Best Guest Dumbass Move:
A nice elderly gentleman once asked me to come over to help him determine why his Phals were losing leaves. When I got there, he told me he was perplexed by the Phals' poor health. After all, he conscientiously added water to the crown of the plant daily, just like you would for a bromiliad!


----------



## bwester (Jun 13, 2006)

These are good yall, keep em coming.


----------



## streetmorrisart (Jun 13, 2006)

Um, I once had a roth too close to the window...one night there was a severe cold snap and, yup, frozen and then mush. I was very, very sad. Granted, it wasn't huge yet, but it was a wonderful cross.
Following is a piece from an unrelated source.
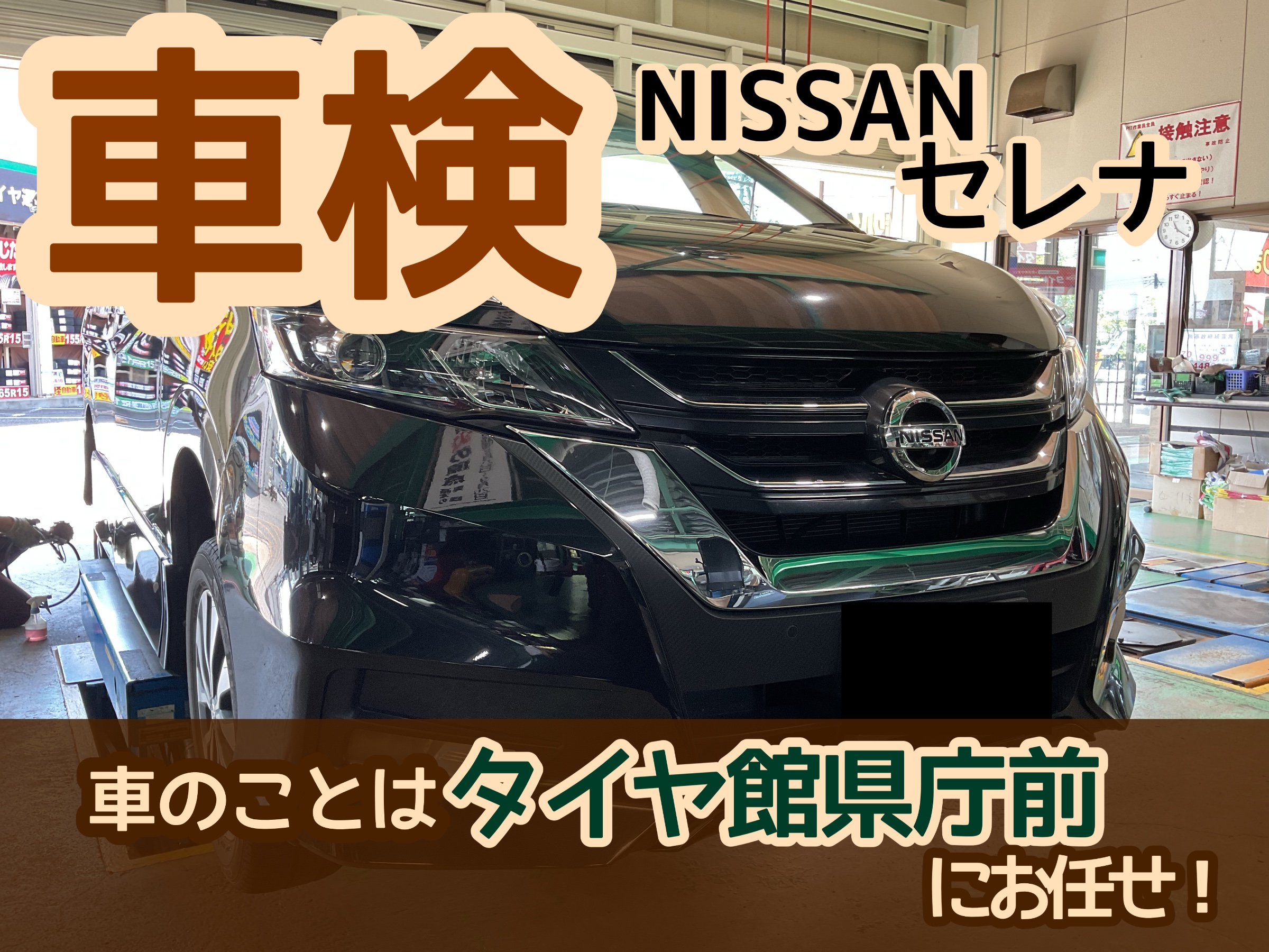 【NISSAN セレナ】車検のご相談はタイヤ館県庁前がオススメです! 代車、お見積り無料です!

I also (let's blame this one on the demon liquor) used those cornstarch-based peanuts at the bottom of paph pots. I caught site of the sticky, oozing crap coming out the bottoms before I'd made it through the table full of victims. (It also helped that one of my cats was playing with a peanut escapee and it was getting stuck to his mouth periodically...hard not to take note of that sight.)

Robin


----------



## Eric Muehlbauer (Jun 13, 2006)

Oh, the usual....not remembering to repot until the roots turn to mush....repotting a paph that happens to have a single healthy root and breaking it off...(a favorite of mine...)...or back in the days when I used bark, nearly wiping out my collection by using Rexius bark...(which my phrags actually loved) which had the most amazing ability to rot superfast, taking the roots with it...oh..and leaving splinters in your fingers during repotting...Take care, Eric


----------



## Marco (Jun 13, 2006)

Rick said:


> Breaking spikes are generally considered pretty dumbass and I've down that more than once (extra dumb).
> 
> The most recent event was when I went to staple a split seed capsule in a coffee filter and turned it upside down to get a better angle with the stapler. Lost almost all the seed.:sob:



Ok well I've had my dumbass share. I bought a Bllra Tahoma Glacier at a local nursery and ended up break the spike while watering  . I dunno maybe the "the spike was to tall excuse may work". Because it was fairly tall .But yeah I learned my lesson. Always carry the plant in front of you at all times!oke:

Rick - I would've loved to that "oh $#!7" look on your face when you finally realized. lol oke:


----------



## Eric Muehlbauer (Jun 14, 2006)

Its good when you can be the beneficiary of another's dumbass mistake...When I first bought the haynaldianum mentioned in another post, the guy at the plant shop accidentally cut off the top bud while wrapping it...I got it for $15......When I asked him how much the plant in the ashtray was, I got a blooming Brassavola cuculatta for $5....and both those plants are still with me after more than 20 years....Take care, Eric


----------



## orchids3 (Jun 15, 2006)

*Done dumb things too!*

Like the time I used Tri Sodium Phosphate on the plants instead of Epsom Salts - Had sterile pots but dead plants.


----------



## patrix (Nov 2, 2006)

*big pots mean big orchid plants*

Hello my name is Patrix and I am an overly large potter. It worked with house plants so my mistake was naive but honest, I have killed many orchids until I became enlightened and joined the AOS and a local orchid group. Now I have many giant empty pots, crypts and mausoleums for pinecones behind the greenhouse


----------



## NYEric (Nov 3, 2006)

I've killed more orchids than I can count but.. a few years ago I came up w/ the brilliant idea to put a tray full of nice Catt hybrids from World of Orchids on the roof [black roofing] w/ a green glame' mesh 'shade cloth' one summer day. Woo, fried, dyed, and layed to the side. It looked like they were barbequed! :sob:


----------